<<<<

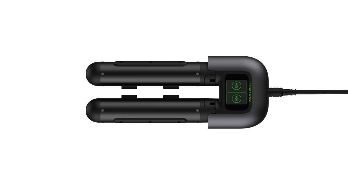 FIFISH E-GO showcases a dual battery system with hot-swappable technology, ensuring uninterrupted power without shutdowns. Quick 9-second replacement, individual battery accessories, and a portable intelligent charging system enhance efficiency and endurance.
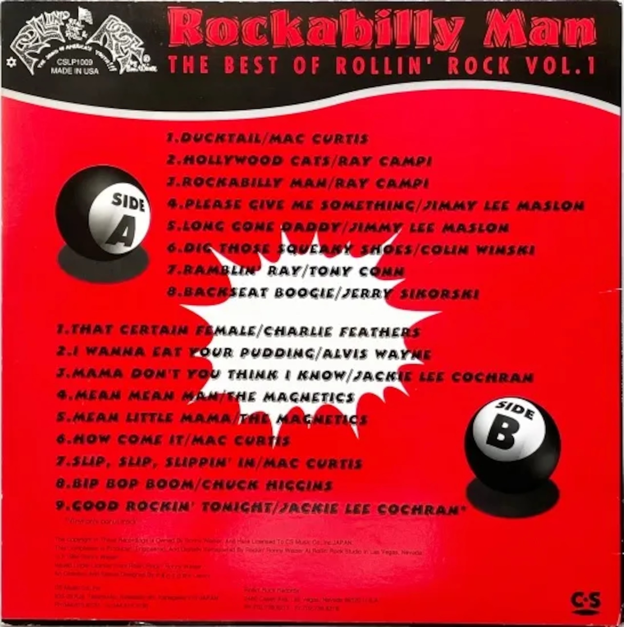 伊ミラノ出身のロニー・ワイザーがロックンロールに熱狂し渡米、移住後にファンジン「ローリン・ロック」を発行〜DIY精神溢れるインディペンデント・レーベルへ発展〜熱量の高いロッカーの発掘にも成功。彼が探し当てた綺羅星のごときロックンローラーをコンパイルするレーベルコンピの第1集。レーベルを代表するメンツの個性炸裂、ロウでゴリゴリの演奏録音が最高。経緯はわかりませんが、日本のCS MusicとRollin' Rockによる企画盤。日本ではCD流通もありますが、こちらはCDより収録曲多いレコード盤です。
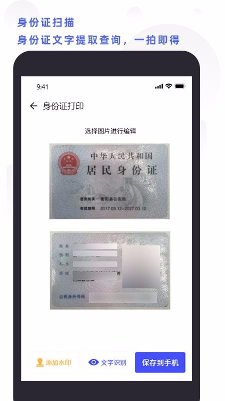 5、设置了丰富的打印预览功能,该打印预览页面中有添加水印、文字识别和保存到手机功能标签;

>>>>

Set down the data above verbatim, omitting every image.

 FIFISH E-GO showcases a dual battery system with hot-swappable technology, ensuring uninterrupted power without shutdowns. Quick 9-second replacement, individual battery accessories, and a portable intelligent charging system enhance efficiency and endurance.
 伊ミラノ出身のロニー・ワイザーがロックンロールに熱狂し渡米、移住後にファンジン「ローリン・ロック」を発行〜DIY精神溢れるインディペンデント・レーベルへ発展〜熱量の高いロッカーの発掘にも成功。彼が探し当てた綺羅星のごときロックンローラーをコンパイルするレーベルコンピの第1集。レーベルを代表するメンツの個性炸裂、ロウでゴリゴリの演奏録音が最高。経緯はわかりませんが、日本のCS MusicとRollin' Rockによる企画盤。日本ではCD流通もありますが、こちらはCDより収録曲多いレコード盤です。
 5、设置了丰富的打印预览功能,该打印预览页面中有添加水印、文字识别和保存到手机功能标签;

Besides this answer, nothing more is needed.